◆ Supplied material
==========
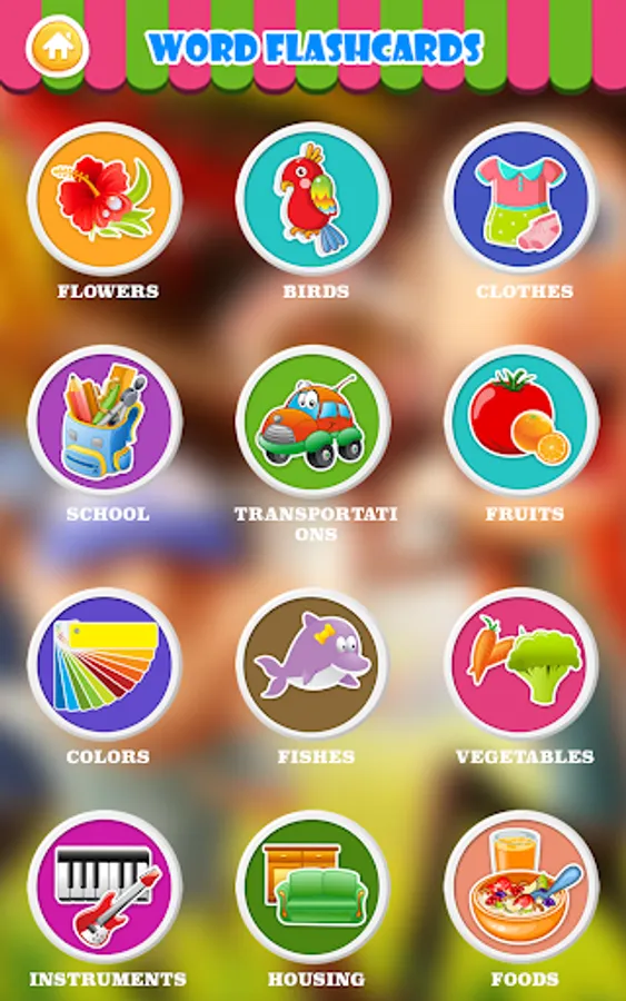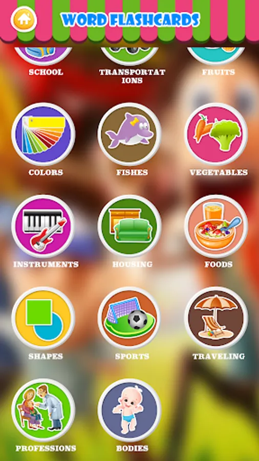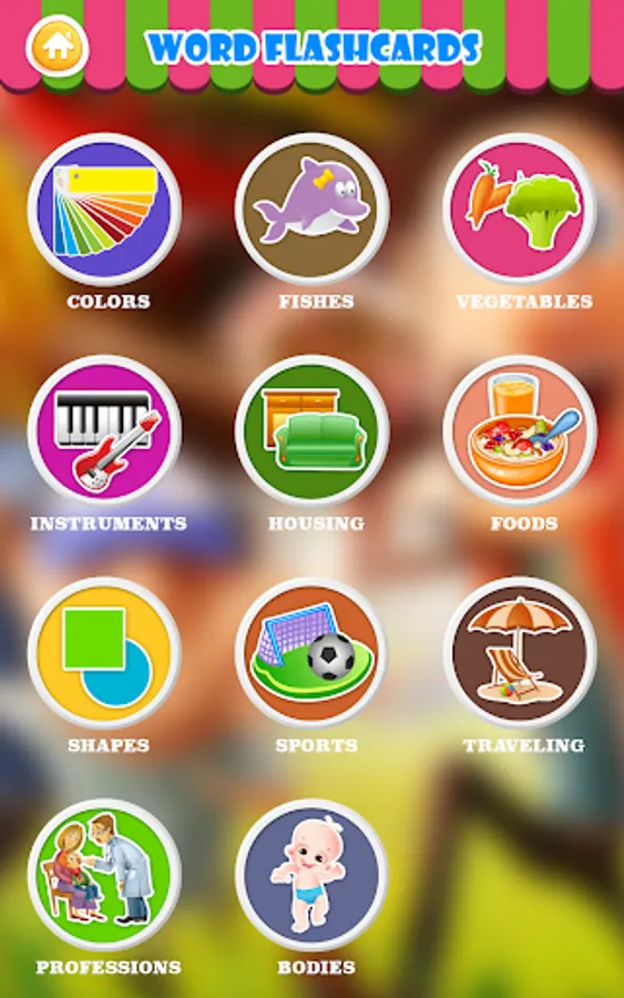Word Flashcards part with 500 Flashcards in 20 topics which designed carefully that suit for Kids's Learning. Beautiful pictures, audio and sound with touchable objects can make children like to learn new things.
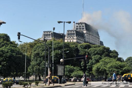 Una intensa columna de humo negro sale de de los pisos superiores del edificio Libertador que se quedó sin luz y comenzó a ser evacuado.
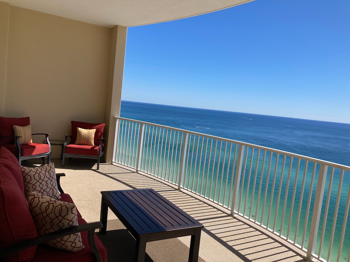 Bienvenido a tu balcón del quinto piso con vistas a ¡Las playas más bonitas del mundo! ¡Apartamento frente a la playa en Summit en Panama City Beach! * ¡RECIENTEMENTE RENOVADO Y DECORADO! ¡Decoración fresca, moderna y divertida! * El apartamento tiene capacidad para 5 personas con cama tamaño king en la suite principal, literas integradas y sofá de cuero/cama tamaño queen. 1 baño y medio. * Cocina totalmente equipada, con todo lo necesario para cocinar y servir comidas. * Lavadora y secadora en el apartamento. * Ropa de cama/toallas de baño y artículos de aseo. * Televisor inteligente de alta definición, wifi gratuito en la sala de estar y el dormitorio.
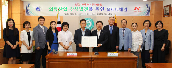 이날 협약식에는 경상대 권순기 총장, 본부보직자, 배종민 자연과학대학장, 이은진 의류학과장과 (주)콜핑 박만영 회장, 박도원 전무이사, 박상현 비서실장 등 10여 명이 참석했다.
==========
◆ Problem description
Omit all pictures, and repeat exactly the lines from the line containing "Una intensa columna" through the end of the data.

◆ Worked solution
 Una intensa columna de humo negro sale de de los pisos superiores del edificio Libertador que se quedó sin luz y comenzó a ser evacuado.
 Bienvenido a tu balcón del quinto piso con vistas a ¡Las playas más bonitas del mundo! ¡Apartamento frente a la playa en Summit en Panama City Beach! * ¡RECIENTEMENTE RENOVADO Y DECORADO! ¡Decoración fresca, moderna y divertida! * El apartamento tiene capacidad para 5 personas con cama tamaño king en la suite principal, literas integradas y sofá de cuero/cama tamaño queen. 1 baño y medio. * Cocina totalmente equipada, con todo lo necesario para cocinar y servir comidas. * Lavadora y secadora en el apartamento. * Ropa de cama/toallas de baño y artículos de aseo. * Televisor inteligente de alta definición, wifi gratuito en la sala de estar y el dormitorio.
 이날 협약식에는 경상대 권순기 총장, 본부보직자, 배종민 자연과학대학장, 이은진 의류학과장과 (주)콜핑 박만영 회장, 박도원 전무이사, 박상현 비서실장 등 10여 명이 참석했다.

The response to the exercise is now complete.